++++ Information supplied

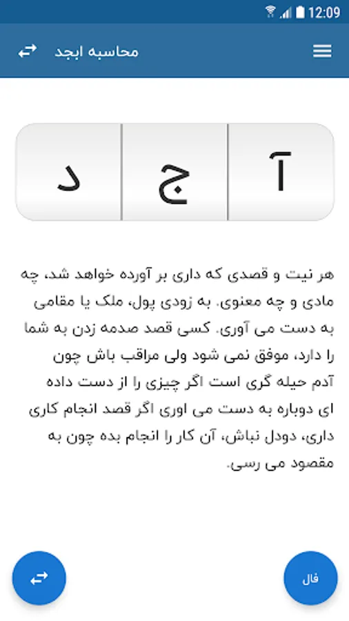 With this application you can convert any word to its equal in both "Kabir" and "Saqir" types of Abjad. And also you can benefit from Abjad fortune telling in the application.
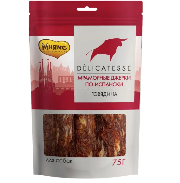 Мраморные джерки по –испански – популярное блюдо не только в Европе и Африке, но и во всем мире. Этот натуральный деликатес готовят из вяленого мраморного мяса молодых бычков. Мясо нарезают тонкими слайсами, укладывают слоями в специальную ёмкость и пересыпают смесью из перца и соли, накрывают фольгой и на сутки помещают в холодильник. Спустя сутки, выкладывают мясные слайсы на специальную решетку для сушки и вялят несколько часов. В результате получается очень вкусный и полезный мясной деликатес! . Подробнее: https://kotmatros.ru/mnyams-mramornye-dzherki-po-ispanski-lakomstvo-dlya-sobak-75-g/?utm_campaign=copy
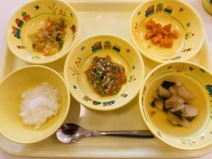 粥 すまし汁 鶏そぼろ煮 白菜の煮浸し ゆでかぼちゃ
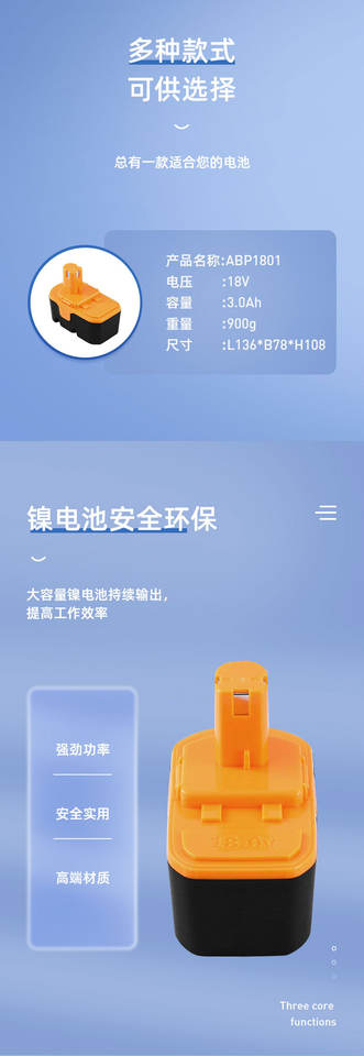 Convient pour Ryobi 18V Perceuse à main Tournevis électrique Outil Nickel-cadmium Nickel-métal Hydrure Batterie ABP1801

++++++++

What to produce =
Give again, exactly as written above, every line from the one holding "Мраморные джерки по" to the one holding "粥 すまし汁 鶏そぼろ煮 白菜の煮浸し ゆでかぼちゃ", with both ends kept and the pictures left out.

Expected output =
 Мраморные джерки по –испански – популярное блюдо не только в Европе и Африке, но и во всем мире. Этот натуральный деликатес готовят из вяленого мраморного мяса молодых бычков. Мясо нарезают тонкими слайсами, укладывают слоями в специальную ёмкость и пересыпают смесью из перца и соли, накрывают фольгой и на сутки помещают в холодильник. Спустя сутки, выкладывают мясные слайсы на специальную решетку для сушки и вялят несколько часов. В результате получается очень вкусный и полезный мясной деликатес! . Подробнее: https://kotmatros.ru/mnyams-mramornye-dzherki-po-ispanski-lakomstvo-dlya-sobak-75-g/?utm_campaign=copy
 粥 すまし汁 鶏そぼろ煮 白菜の煮浸し ゆでかぼちゃ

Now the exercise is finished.